Dari hasil pengamatan di lapangan, kebanyakan perpustakaan desa ditempatkan di kantor desa, sehingga untuk mengakses itu setiap masyarakat terbatas dan secara psikologis masyarakat kadangkala ciut dan segan untuk masuk apatalagi membaca di kantor desa. Yang kemudian, tidak jarang buku-buku menjadi usang dan rak-rak buku menjadi lapuk tak terurus.

Seharusnya pemerintah desa berinisiatif menempatkan perpustakaan-perpustakaan desa di tempat yang mudah di akses masyarakat dan tidak ada batasan untuk siapa saja mengaksesnya. Karena saya berpikir bahwa perpustakaan desa dihadirkan sebagai solusi untuk menarik minat baca masyarakat, maka darinya jangan dijadikan sebagai hal yang reme-teme yang justru disorientasi. Namun pada sisi yang lain TBM (Taman baca masyarakat) atau komunitas baca didesa lebih epektif melaksanakan tugas-tugas pembangunan literasi di desa. Hal ini menjadi hal yang sangat berharga untuk kemajuan dunia literasi ke depan.

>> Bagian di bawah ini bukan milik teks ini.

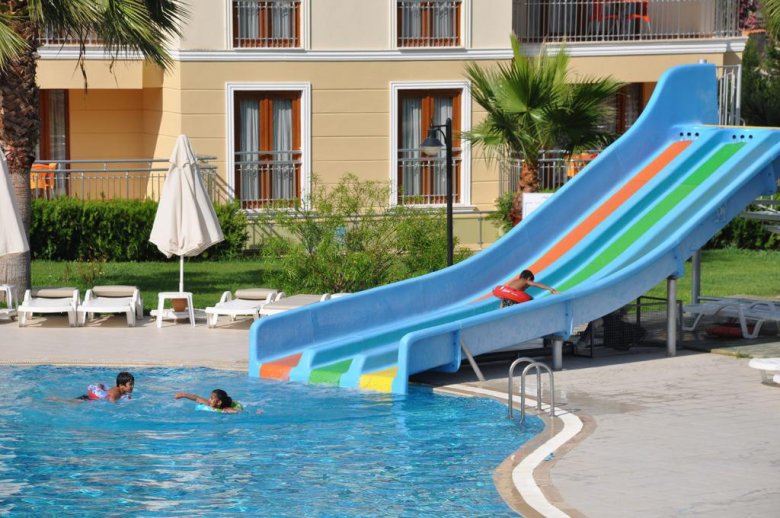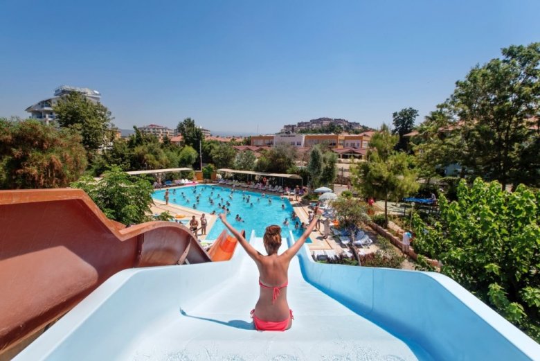 Hotel Banana 4 * okružen je narančastim šumarcima. Ovo je jedno od najljepših mjesta u Turskoj, gdje se možete opustiti uz jeftinu obitelj.Mali kompleks se sastoji od samo 82 jednokrevetne, dvokrevetne i četverokrevetne sobe. Na području postoje dva bazena s toboganima za odrasle i djecu. Otvoreni su 3 bara: Olimpik, plaža i Bakus koji nude širok izbor alkoholnih i bezalkoholnih pića.

Jika perpustakaan desa tetap menyajikan wajah yang seperti ini, maka bisa dipastikan perpustakaan desa hanyalah sebuah program yang utopis dan sifatnya abstrak. Lalu mengapa pemerintah desa tidak memiliki inisiatif untuk memberdayakan pegiat-pegiat literasi di desa-desa untuk mengelolah perpustakaan di desa?. Perlu kiranya reformulasi untuk memaksimalkan kehadiran perpustakaan di desa ini, sebab ini adalah fostulate untuk mengubah cara berpikir masyarakat desa. Maka, harus dimulai dari lingkup yang paling atas secara hierarkis menyajikan metodelogis yang lebih efektif dan tepat sasaran.

Namun, justru hal ini tidak hanya terjadi di lingkungan desa. Di lingkungan sekolah pun kebanyakan perpustakaan ditempatkan di kantor dan sekitar kantor. Mungkin saja secara kontroling sangat efektif, namun justru ini akan menjadi batasan tersendiri untuk siswa yang memiliki minat baca, karena psikoligi anak yang segan keberadaan guru sehingga harus mengubur keinginannya untuk menjadi kutu buku. Maka sudah seyogyanya perpustakaan di sekolah lebih inklusif. Semoga dengan tulisan ini literasi inklusif bisa sejalan dengan program-program perpustakaan yang ada didesa dan bahkan lingkup sekolah.

*) Penulis merupakan Ketum HMI Cabang Takalar.